### Problem to work on
Write all entries out exactly, images excluded.
━━━ Listed entries
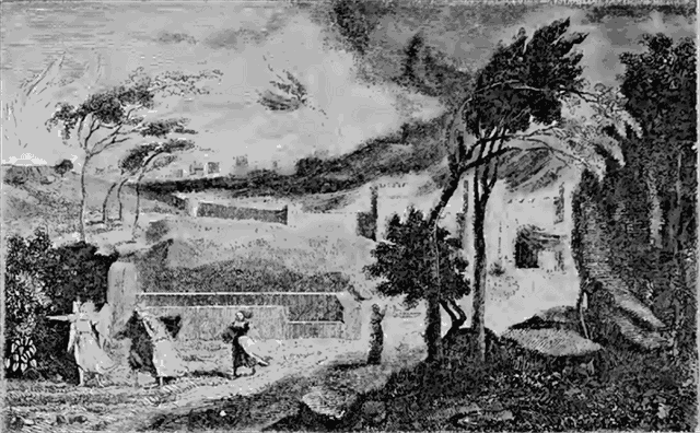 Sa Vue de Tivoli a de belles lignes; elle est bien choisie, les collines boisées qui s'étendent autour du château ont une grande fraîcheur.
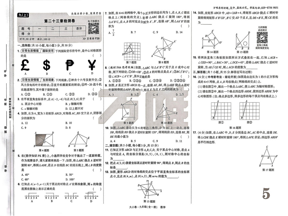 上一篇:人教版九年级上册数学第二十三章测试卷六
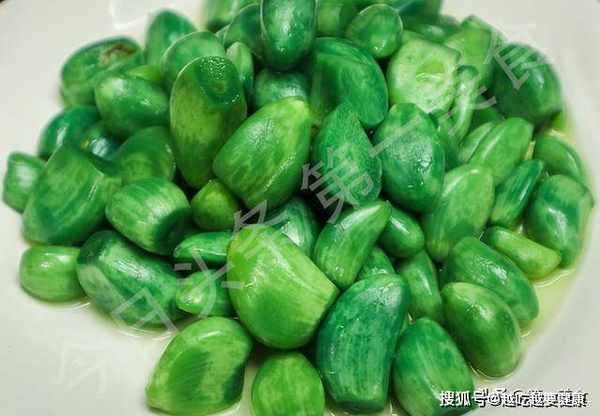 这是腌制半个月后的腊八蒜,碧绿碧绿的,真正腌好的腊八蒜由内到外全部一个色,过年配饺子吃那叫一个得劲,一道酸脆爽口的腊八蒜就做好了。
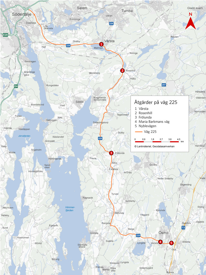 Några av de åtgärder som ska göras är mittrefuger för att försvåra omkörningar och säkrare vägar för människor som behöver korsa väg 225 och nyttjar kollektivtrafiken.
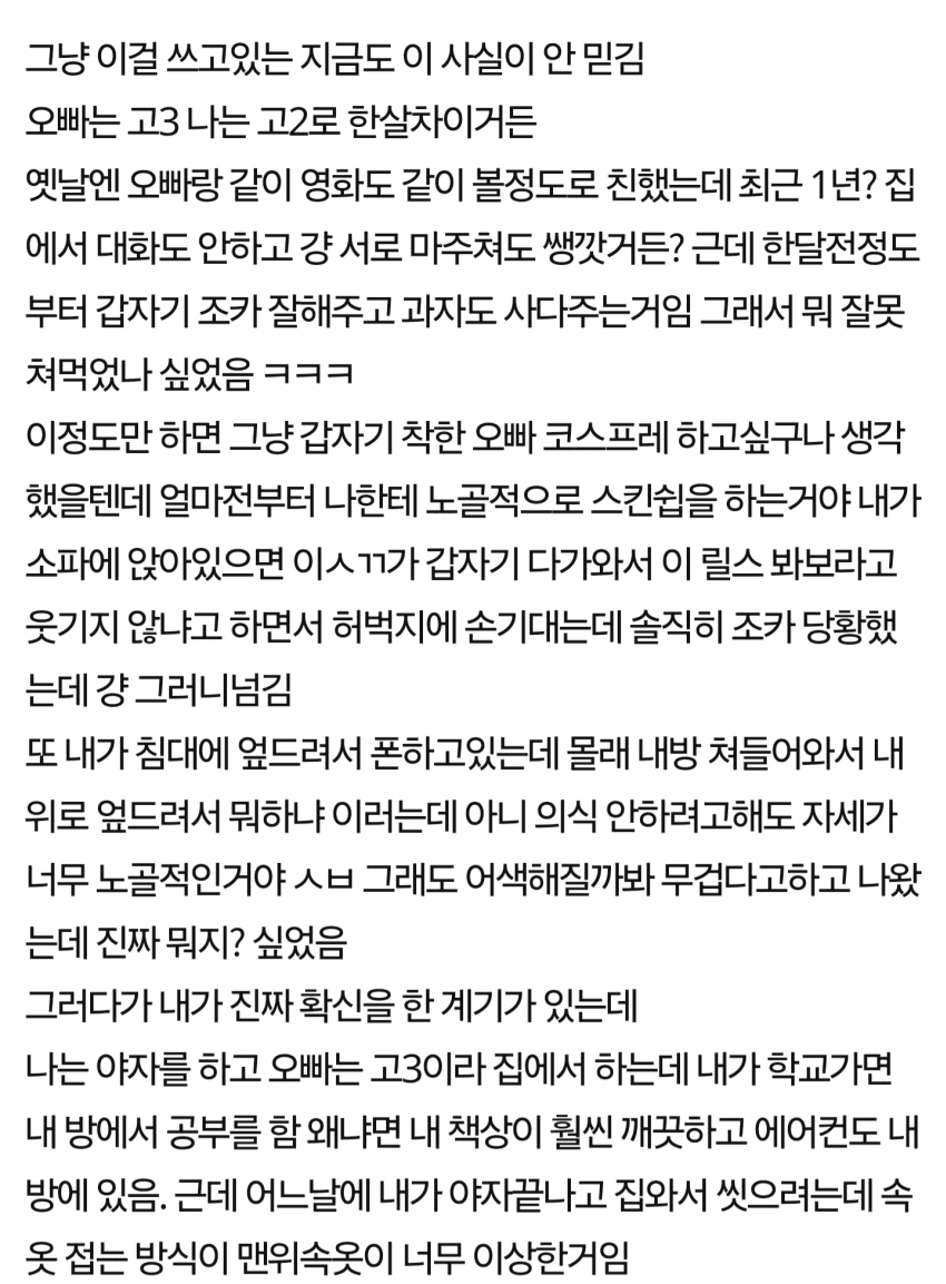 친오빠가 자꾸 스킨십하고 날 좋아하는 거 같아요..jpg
━━━━━━
### Answer
 Sa Vue de Tivoli a de belles lignes; elle est bien choisie, les collines boisées qui s'étendent autour du château ont une grande fraîcheur.
 上一篇:人教版九年级上册数学第二十三章测试卷六
 这是腌制半个月后的腊八蒜,碧绿碧绿的,真正腌好的腊八蒜由内到外全部一个色,过年配饺子吃那叫一个得劲,一道酸脆爽口的腊八蒜就做好了。
 Några av de åtgärder som ska göras är mittrefuger för att försvåra omkörningar och säkrare vägar för människor som behöver korsa väg 225 och nyttjar kollektivtrafiken.
 친오빠가 자꾸 스킨십하고 날 좋아하는 거 같아요..jpg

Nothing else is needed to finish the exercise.